--- START ---
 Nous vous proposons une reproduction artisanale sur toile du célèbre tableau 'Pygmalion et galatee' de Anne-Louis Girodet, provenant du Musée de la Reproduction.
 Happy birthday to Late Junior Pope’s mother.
--- END ---
--- START ---
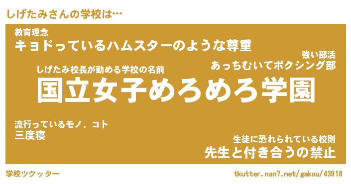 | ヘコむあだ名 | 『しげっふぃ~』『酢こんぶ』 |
--- END ---
--- START ---
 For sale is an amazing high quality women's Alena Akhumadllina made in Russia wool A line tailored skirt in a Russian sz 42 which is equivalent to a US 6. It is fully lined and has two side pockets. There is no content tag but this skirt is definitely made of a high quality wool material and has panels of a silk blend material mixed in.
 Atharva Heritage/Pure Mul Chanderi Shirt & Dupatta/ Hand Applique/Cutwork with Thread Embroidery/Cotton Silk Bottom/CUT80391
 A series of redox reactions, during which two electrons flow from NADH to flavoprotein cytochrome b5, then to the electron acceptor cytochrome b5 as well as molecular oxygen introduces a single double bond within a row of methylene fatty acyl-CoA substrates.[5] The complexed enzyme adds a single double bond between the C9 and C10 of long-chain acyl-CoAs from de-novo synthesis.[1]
--- END ---
> _Your objective_
All lines in the records above with "which" need to be found and copied.

> _Solution to this exercise_
 For sale is an amazing high quality women's Alena Akhumadllina made in Russia wool A line tailored skirt in a Russian sz 42 which is equivalent to a US 6. It is fully lined and has two side pockets. There is no content tag but this skirt is definitely made of a high quality wool material and has panels of a silk blend material mixed in.
 A series of redox reactions, during which two electrons flow from NADH to flavoprotein cytochrome b5, then to the electron acceptor cytochrome b5 as well as molecular oxygen introduces a single double bond within a row of methylene fatty acyl-CoA substrates.[5] The complexed enzyme adds a single double bond between the C9 and C10 of long-chain acyl-CoAs from de-novo synthesis.[1]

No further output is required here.